Blog

For a while, we’ve been trying to get proper monitoring at TakeLAN, my home servers, and customers after a lot of work, tuneup and changes we finally made it we got the perfect monitoring setup.

Monitoring…

DHT22 sensor.

On the owned datacenters, we’ve installed DHT22 sensors to monitor intake, and exhaust of the room temperature, with that we can get an idea on the heat produced, and it’s circulation. (There’s another sensor above some servers for extra monitoring) but we don’t pay attention to those since we also monitor the temp of the servers.

This exact aluminum case with a Raspi4

Those and our friendly Raspberry Pi 4 were enough to monitor both UPS’s and the temperature of one of the rooms.

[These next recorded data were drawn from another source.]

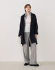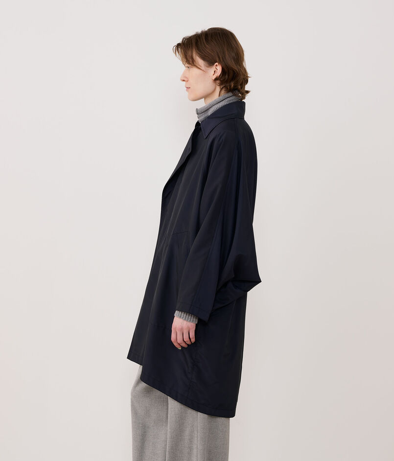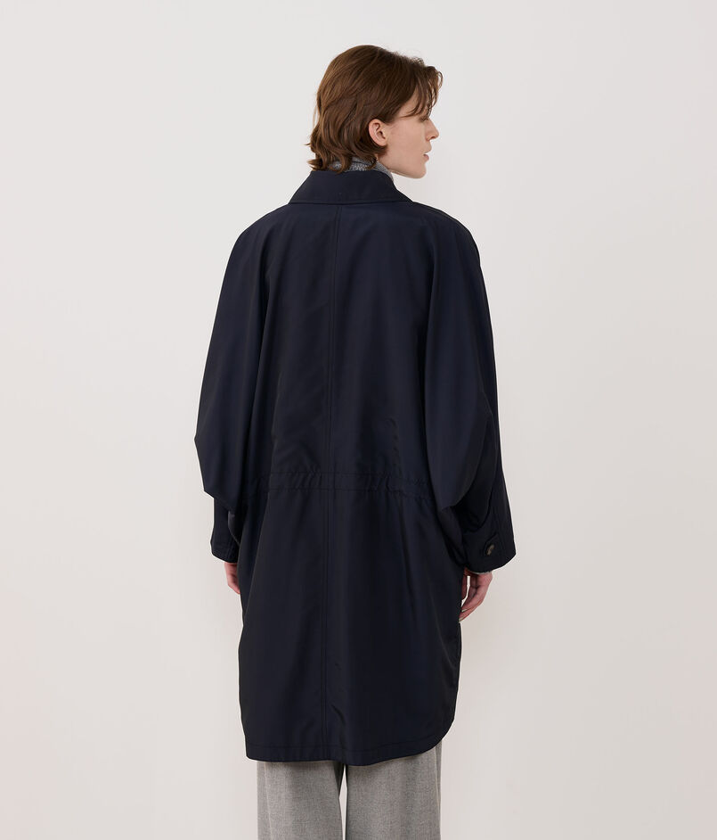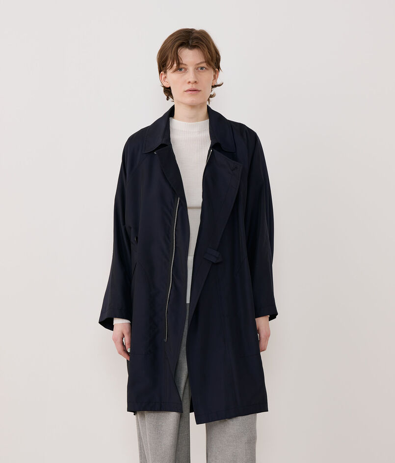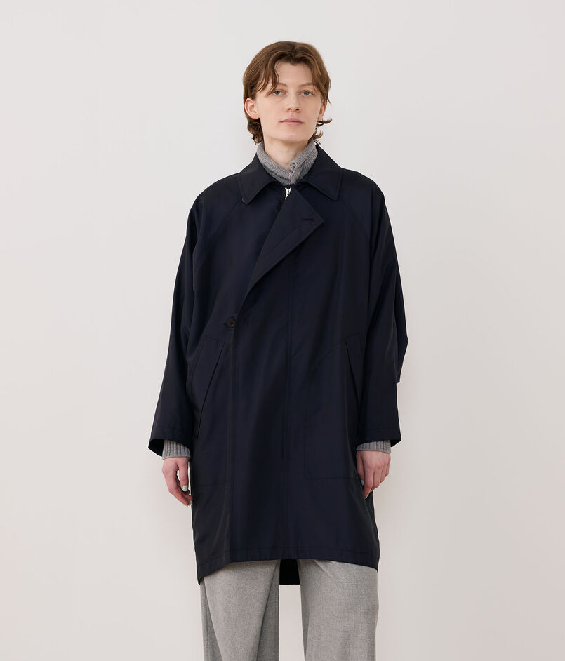 コートはモーターサイクルコートのようにゆったりとしたフォルムがポイント。
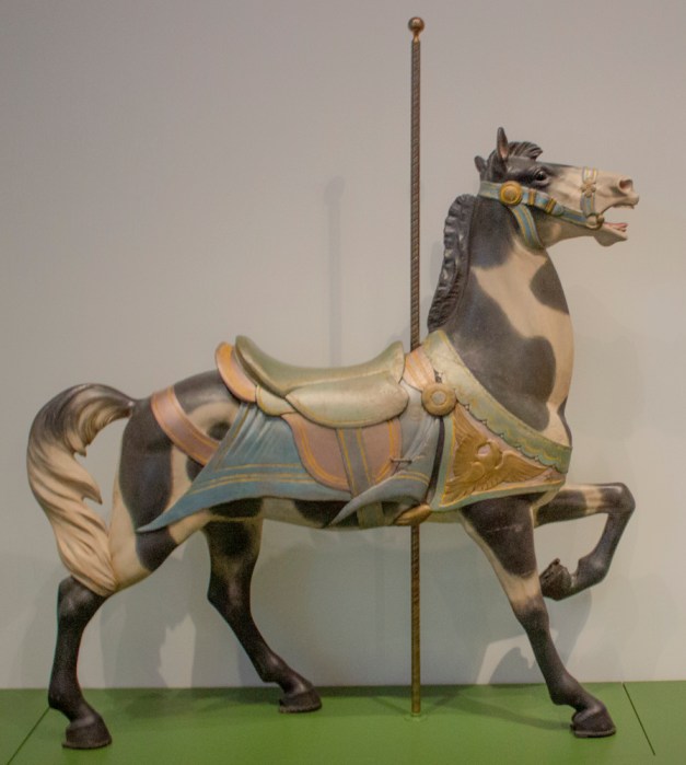Description: The sculpture depicts a standing horse, white with large black markings covering its body, with its proper left leg raised, and its nose lifted to be parallel with the ground, and its mouth open. The horse’s tail touches its proper right rear leg. It wears a bridle and a saddle blanket that are light blue with gold trim. The saddle itself is green and pink with similar gold trim. There is a carved fabric piece draped across its shoulders with an eagle decoration on the horse’s proper right side. The sculpture has large, black glass eyes. Beneath the saddle on both sides are rectangular iron eyelets.
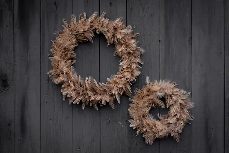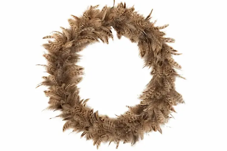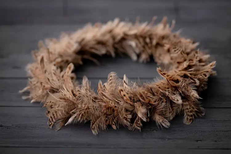En dekorativ krans med fjädrar i bruna toner
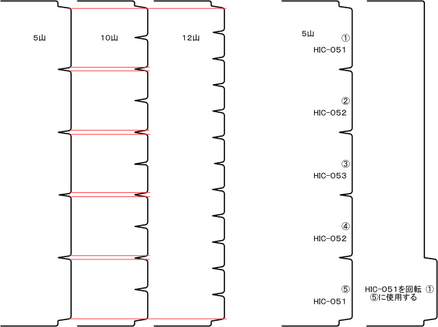 左側の画像は5山1コマと10山2コマ、また5山と12山の上下      1山と2山は180°回転させると4山・5山
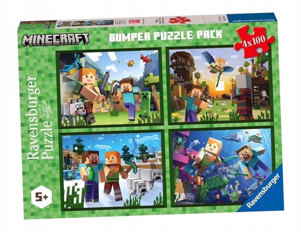Пазл 4 х 100 елементів Ravensburger - це набір з 4 пазлів (по 100 елементів) із зображенням мотивів Minecraft.

The changes gave us peace of mind that at low cost, we could also keep historical data on it and use it as a primary jump host for techs and admins.

Setting those DHT22 was easy enough, we wrote some apps to monitor both and to calibrate them precisely at the temperature inside the room and the humidity.
This Raspberry also is in charge of reporting the temperature on other sensors, so it must be operative; we should change this single point of failure. Still, the UPS’s don’t support this operation in USB, and I’m looking into multiplexing options to detect a failure of this device and switch over.

Backups!

It’s no secret, I run multiple servers in my house, and I also have a detached garage which comes very handy for remote backups!

The backup happens over powerline (yeah yeah, I have two gig network wires running to the garage, but powerline was more comfortable!)

Again, it’s a raspberry pi 4 with 2 10 TB hard drives plugged in who receive a copy of my zpool, media, storage, LXC containers, and QEMU backups.
I guess if we need to grow, we’ll continue to use USB since we don’t write full blast to it, and it’s mainly archival… if we are going to recover more than likely, we’ll pick up the drives and plug them straight to a machine.

Exact model being used for backups.

For this to happen, we had to retrofit the garage with an exhaust fan on the roof to keep the garage fresh enough for this device’s regular operation, and I also hooked them up in the roof gable to avoid vibrations of the air compressor and what not.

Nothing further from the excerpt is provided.